Announcement

Collapse
No announcement yet.
X
  • Filter
  • Time
  • Show
Clear All
new posts

  • Dummy variable

    In my dataset I have the question 'I am satisfied with the salary I receive from my work'. There are 4 answer options: strongly disagree, disagree, agree and strongly agree. I would like to make this a dummy variable where the categories strongly disagree and disagree represent 0 and the categories agree and strongly agree 1. I tried a few things via the generate command, but this didn't work. I also keep getting the message "agree is not found". And I also get this with the other 3 answer options. Does anyone have an idea how I can fix this?

  • #2
    Code:
    help recode
    also, it sounds like you have numeric data with labels; you can refer to the labels in your command, but it is often much easier to use the underlying numbers (and I think that the recode command only allows the numbers) so you can use
    Code:
    label list
    to get those numbers; if, on the other hand, your variable is a string variable, you will need something a little more complicated probably using the "inlist" function within a -generate- command;

    if you supply a dataex example (see the FAQ), no one would have to guess and exact code would be easy to supply

    Comment


    • #3
      Marleen:
      as an aside to Rich's helpful recommendation, what follows might be useful:
      Code:
      . set obs 4
      number of observations (_N) was 0, now 4
      
      . g id=_n
      
      . g wanted=_n-1
      
      . label define wanted 0 "strongly disagree" 1 "disagree" 2 "agree" 3 "strongly agree"
      
      . label val wanted wanted
      
      . list
      
           +------------------------+
           | id              wanted |
           |------------------------|
        1. |  1   strongly disagree |
        2. |  2            disagree |
        3. |  3               agree |
        4. |  4      strongly agree |
           +------------------------+
      
      . recode wanted (0 1=0) (2 3=1)
      (wanted: 3 changes made)
      
      . label define wanted 0 "strongly disagree/disagree" 1 "agree/strongly agree", modify
      
      . list
      
           +---------------------------------+
           | id                       wanted |
           |---------------------------------|
        1. |  1   strongly disagree/disagree |
        2. |  2   strongly disagree/disagree |
        3. |  3         agree/strongly agree |
        4. |  4         agree/strongly agree |
           +---------------------------------+
      
      .
      Kind regards,
      Carlo
      (Stata 19.0)

      Comment


      • #4
        Originally posted by Rich Goldstein View Post
        Code:
        help recode
        also, it sounds like you have numeric data with labels; you can refer to the labels in your command, but it is often much easier to use the underlying numbers (and I think that the recode command only allows the numbers) so you can use
        Code:
        label list
        to get those numbers; if, on the other hand, your variable is a string variable, you will need something a little more complicated probably using the "inlist" function within a -generate- command;

        if you supply a dataex example (see the FAQ), no one would have to guess and exact code would be easy to supply
        Hi Rich. First of all, thank you for answering me. With the code 'dataex tc3g45a' I have found the following:

        label values tc3g45a ValueScheme8
        label def ValueScheme8 1 "Strongly disagree", modify
        label def ValueScheme8 2 "Disagree", modify
        label def ValueScheme8 3 "Agree", modify
        label def ValueScheme8 4 "Strongly agree", modify

        So indeed, this is a numeric data with labels. 1 and 2 have to get 0 as a dummy variable and 3 and 4 should get 1 as a dummy variable. I have read that I should be using the tabulate and generate command, but this doesn't seem to work out. Do you have an idea on how to make this a dummy variable?

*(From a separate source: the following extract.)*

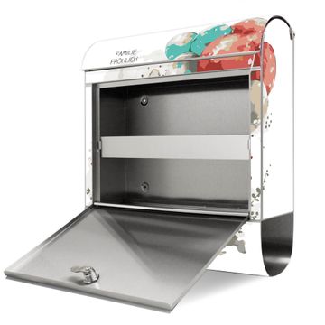 FUNKTION: Der banjado Edelstahl Briefkasten mit Motiv Motiv Corgi mit Ballons Aquarell bietet Ihnen mit seinem Fassungsvermögen genügend Platz auch für große A4 Sendungen. Das integrierte Zeitungsfach eignet sich hervorragend um unkompliziert die Tageszeitung zu fassen. Auf Wunsch können Sie bei uns den passenden Ständer kaufen und so aus dem Wandbriefkasten einen Standbriefkasten machen. DESIGN: Der Motivbriefkasten hat ein sehr ansprechendes und ausgefallenes Design, damit entlocken Sie Ihren Nachbarn und dem Postboten ein Lächeln. Heben Sie Sich ab von der tristen grauen Masse ohne auf Funktionalität zu verzichten. DETAILS: Der Design Briefkasten mit Motiv Motiv Corgi mit Ballons Aquarell besteht aus hochwertigem 18/0 Edelstahl. Das Motiv besteht aus einer wetter- und UV-resistenten Folie, die mit einem Schutzlaminat überzogen ist. Der Briefkasten wird mit Montagematerial und zwei Schlüsseln geliefert. NUTZEN: Sie können diesen Briefkasten sowohl als Wandbriefkasten montieren oder einen passenden Ständer auswählen und als Standbriefkasten einbetonieren. Die Größe bietet genügend Platz für Sendungen aller Art, das hochwertige Edelstahl ist rostfrei und die Motivfolie absolut wetterfest. SCHUTZ: Um Ihre Post optimal vor Witterungseinflüssen wie Starkregen zu schützen, empfehlen wir, den Briefkasten geschützt anzubringen. BANJADO: Ihr Briefkasten wird in Sachsen in einer kleinen Manufaktur von Hand veredelt. Die Motivfolie ist lösungsmittelfrei und schutzlaminiert, dies sorgt für einen langen Halt. Wir legen großen Wert auf die Verbindung von Funktionalität und Design. Sie erhalten Handarbeit aus Sachsen.

        PS: tc3g45a is the name of the question that had to be answered.

        Comment


        • #5
          try
          Code:
          recode tc3g45a (1 2 = 0) (3 4 = 1), gen(tc3g45a_2)
          I strongly recommend using variable names that are easy to read, easy to type and meaningful in the context of your project

          Comment


          • #6
            Code:
            recode tc3g45a (1/2 = 0 "Disagreement") (3/4 = 1 "Agreement"), prefix(d_)
            will create a new variable, d_tc3g45a, with the properties you want. See -help recode- for more information about other capabilities and uses for this command.

            By the way, is there a good reason for doing this? You are throwing away information. Sometimes this is nevertheless helpful, for example, if the extreme categories are rarely chosen and those small categories interfere with analysis. But when a Likert-like item produces that kind of response distribution, it may mean that the prompt was badly worded for, or inappropriately addressed to, the study sample.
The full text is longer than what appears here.